The King Edward VII Memorial Hospital in Stanley, Falkland Islands is the base for the Falkland Islands Government Health Service.

Health services are funded by fish licence revenue and by income tax. They are entirely free at the point of delivery to Islands residents and to British residents under a reciprocal health agreement. In 2003, the provision of the service cost £950 per head of population per year, similar to the cost in the UK. Services are provided to about 3,000 residents. The military base provides its own health care, but makes use of the hospital facilities as necessary.

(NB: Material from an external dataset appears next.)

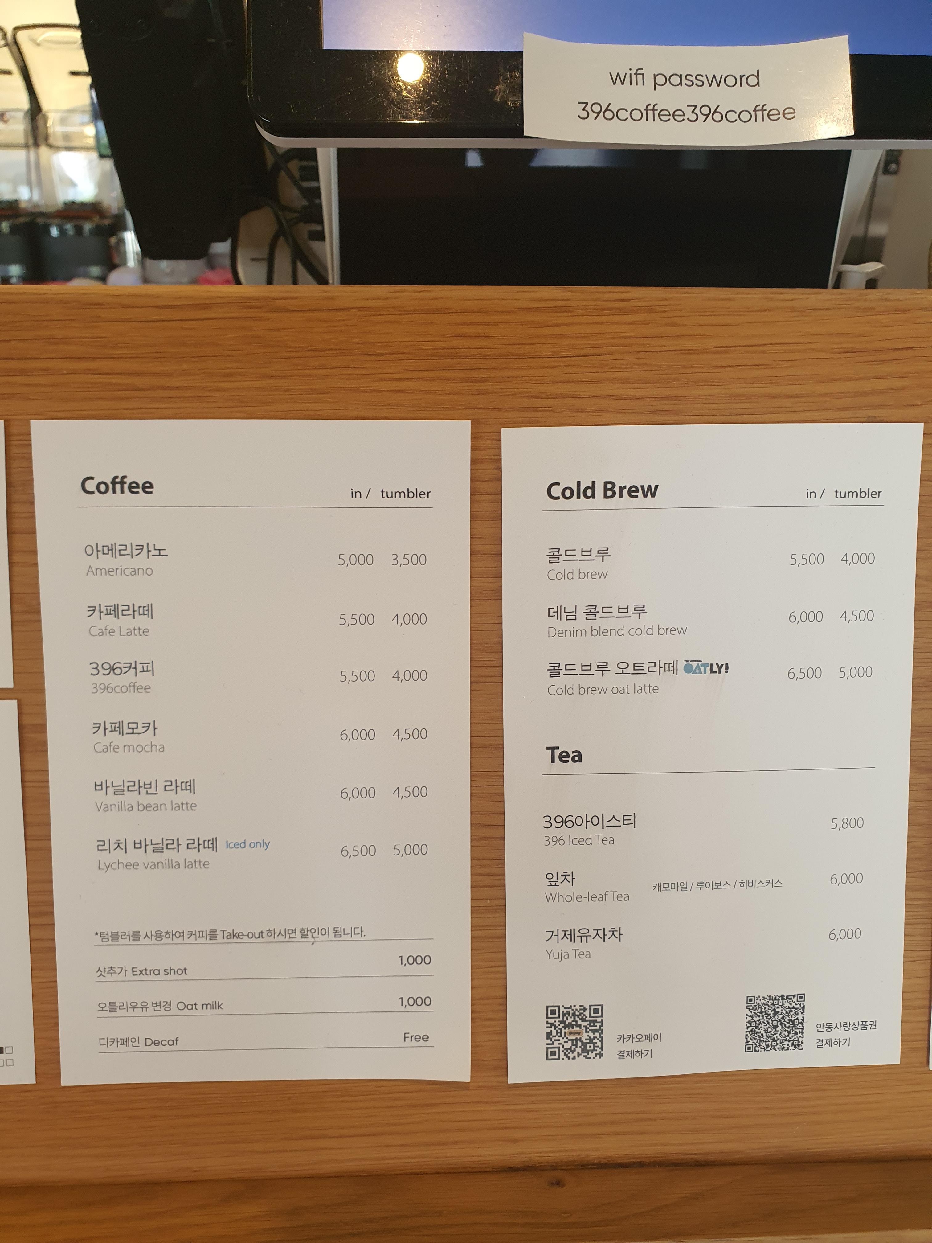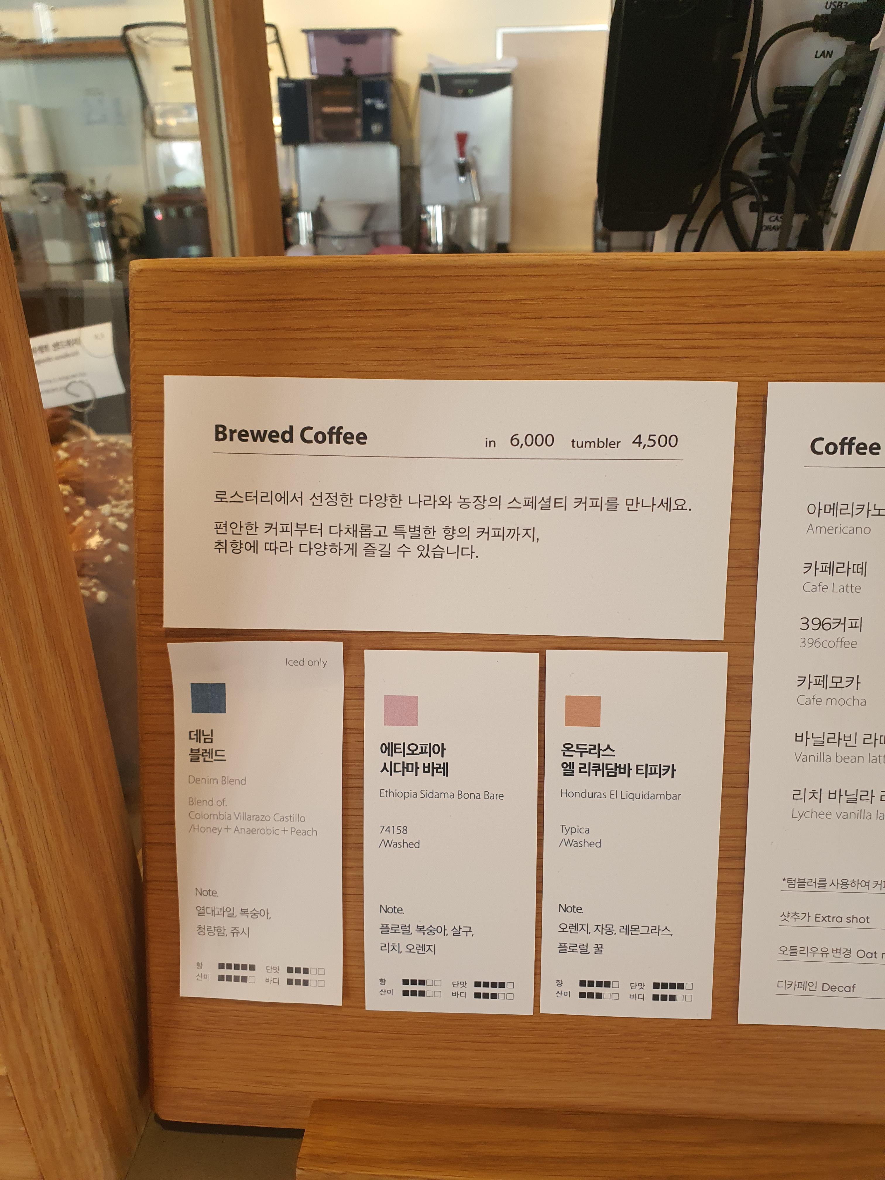 개인 텀블러를 이용하신다면, 커피를 저렴하게 맛보실 수 있습니다. 시그니처 메뉴인 '396 커피' 부터 계절메뉴 그리고 샌드위치까지 다양한 메유가 있습니다.

The King Edward VII Memorial Hospital is the only hospital on the Islands. All the islands' medical, dental and community health services are based there. There are 18 acute beds, one maternity bed, a single bedded isolation unit, a two bedded intensive care unit and seven long-stay nursing beds. In April 1984, a fire destroyed an earlier wooden construction of the hospital, killing seven patients and one nurse, Barbara Chick. She was later posthumously awarded a Queen's Commendation for Brave Conduct.

The hospital must be entirely self-sufficient and takes referrals from Tristan da Cunha, South Georgia, and Antarctica. Before 1982 medical services on the islands were very basic, but there has been considerable investment since. Colorectal cancer was particularly common on the islands, linked to a very unusual gene mutation and a three-yearly colorectal screening programme was introduced in 1997.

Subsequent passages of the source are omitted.